Data flow and test tools
IoT devices connect to ThingsBoard server via MQTT or HTTP Device API and send sample test data (single telemetry of long type) to the platform. ThingsBoard server processes MQTT or HTTP messages and stores them to Cassandra/PostgreSQL asynchronously.
As a test tool we have used updated version of Performance Test Project that is able to send messages over MQTT/HTTP Device API in an asynchronous way quite efficiently.

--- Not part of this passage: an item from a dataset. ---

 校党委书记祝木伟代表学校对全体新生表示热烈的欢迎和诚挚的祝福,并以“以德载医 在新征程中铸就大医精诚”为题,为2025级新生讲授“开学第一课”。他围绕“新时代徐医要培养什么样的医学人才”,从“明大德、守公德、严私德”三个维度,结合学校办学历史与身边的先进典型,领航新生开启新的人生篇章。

Considering microservice architecture of the ThingsBoard platform and to measure performance in an accurate way, we have created an additional Rule Chain Node that is able to calculate a number of messages that this Node has been received per 1 second (this is a configurable parameter that could be changed) and stores this value as telemetry on a tenant level.
This additional Rule Chain Node is located after the ‘Save telemetry’ Node of the Root Chain and calculates how many messages ThingsBoard instance processed during the performance testing. This data is stored on a tenant level as telemetry with predefined key prefix.

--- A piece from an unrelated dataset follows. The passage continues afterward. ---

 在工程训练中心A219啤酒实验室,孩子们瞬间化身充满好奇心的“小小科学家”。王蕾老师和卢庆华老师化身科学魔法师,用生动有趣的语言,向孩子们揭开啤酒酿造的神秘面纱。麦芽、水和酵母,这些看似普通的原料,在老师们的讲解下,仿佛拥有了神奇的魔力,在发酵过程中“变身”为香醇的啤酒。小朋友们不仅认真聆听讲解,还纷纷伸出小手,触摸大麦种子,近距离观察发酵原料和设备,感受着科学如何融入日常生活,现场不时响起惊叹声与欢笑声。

Performance Test Tool, after test completion, take this telemetry value from the platform and provides result in the console of the test:
12:20:03.772 [main] INFO o.t.t.s.stats.StatisticsCollector - ============ Node [692dc903cf52] AVG is 500.0 per 1 second ============
12:20:03.772 [main] INFO o.t.t.s.stats.StatisticsCollector - ============ Total AVG is 500.0 per 1 second ============
This telemetry value could be shown as well as general telemetry on the ThingsBoard Dashboard.

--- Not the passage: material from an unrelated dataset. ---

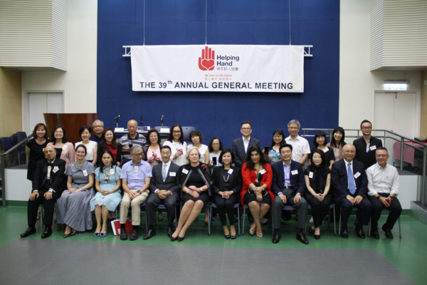 李愛平(前排左六)出席伸手助人協會會議,與各賢達策劃慈善活動。
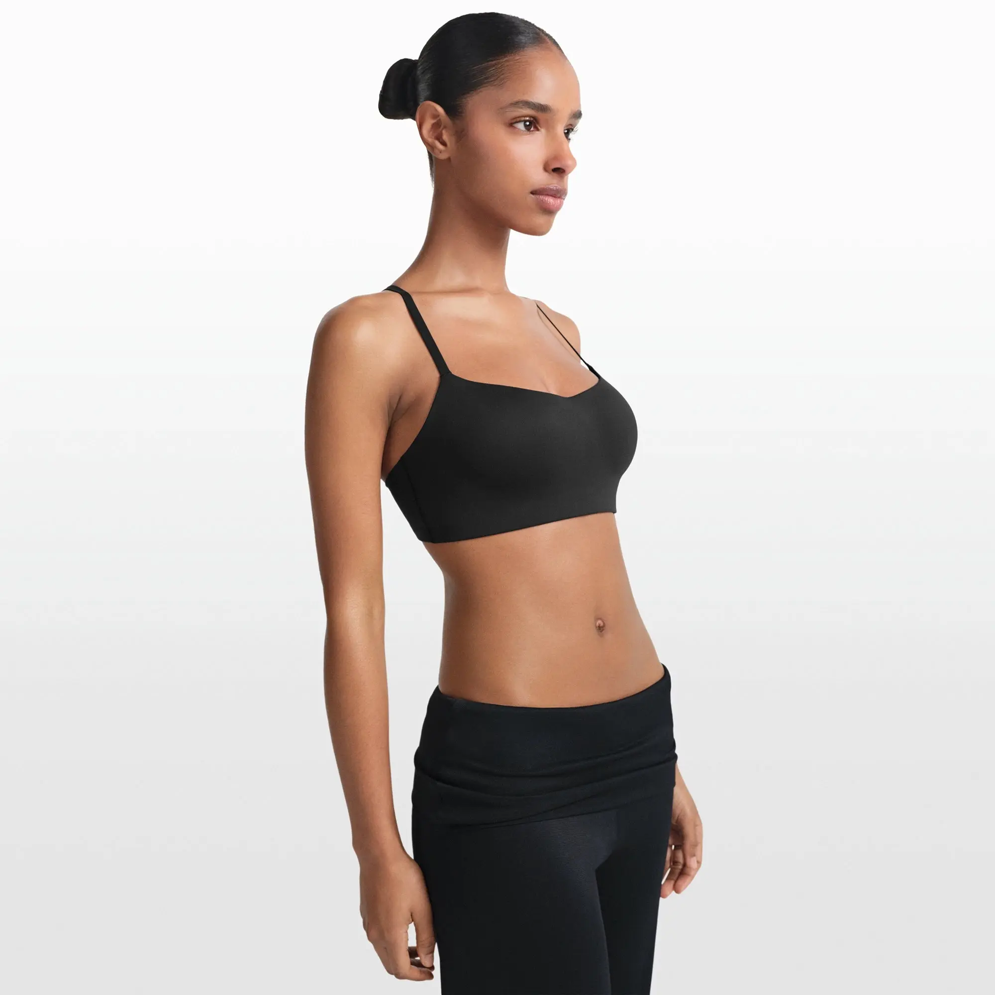 Designed with our sculpting Matte fabric, this bra lifts and enhances with wireless contoured pads for light support. Sweat-wicking Nike Dri-FIT™ technology and adjustable straps make this a studio essential you can wear anywhere.

NOTE: If you have multiple ThingsBoard nodes in the cluster, additional Rule Chain Node will save statistics under different telemetry keys on tenant level, but Performance Test Tool in the result will aggregate these values into a single result.
How to repeat the tests
Please use documentation of the Performance Test Project for more details.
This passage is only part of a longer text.